#### WHAT YOU SHOULD DO:
Below are records to give again exactly; omit each image they contain.

Start of RECORDS PROVIDED

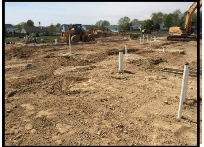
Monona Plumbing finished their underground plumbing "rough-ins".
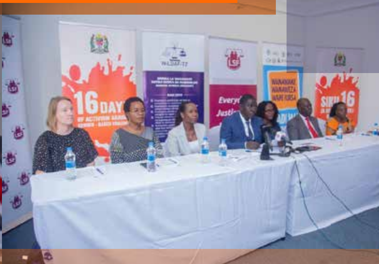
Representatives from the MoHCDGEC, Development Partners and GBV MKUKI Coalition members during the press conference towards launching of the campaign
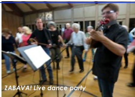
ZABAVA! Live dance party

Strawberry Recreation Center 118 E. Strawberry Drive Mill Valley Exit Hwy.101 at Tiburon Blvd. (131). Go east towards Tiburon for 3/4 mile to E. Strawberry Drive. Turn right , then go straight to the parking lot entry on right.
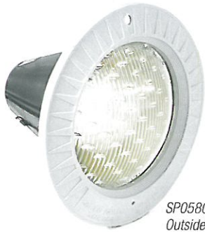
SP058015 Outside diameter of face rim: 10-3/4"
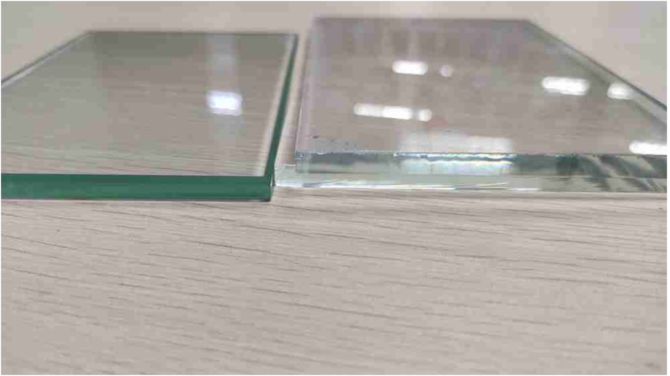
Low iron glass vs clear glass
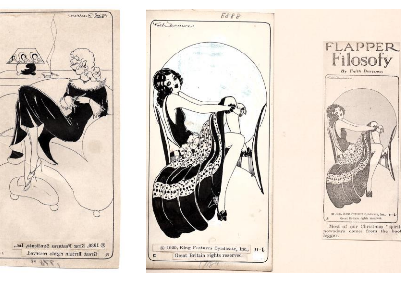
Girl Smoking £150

End of RECORDS PROVIDED

#### TASK ANSWER:
Monona Plumbing finished their underground plumbing "rough-ins".
Representatives from the MoHCDGEC, Development Partners and GBV MKUKI Coalition members during the press conference towards launching of the campaign
ZABAVA! Live dance party

Strawberry Recreation Center 118 E. Strawberry Drive Mill Valley Exit Hwy.101 at Tiburon Blvd. (131). Go east towards Tiburon for 3/4 mile to E. Strawberry Drive. Turn right , then go straight to the parking lot entry on right.
SP058015 Outside diameter of face rim: 10-3/4"
Low iron glass vs clear glass
Girl Smoking £150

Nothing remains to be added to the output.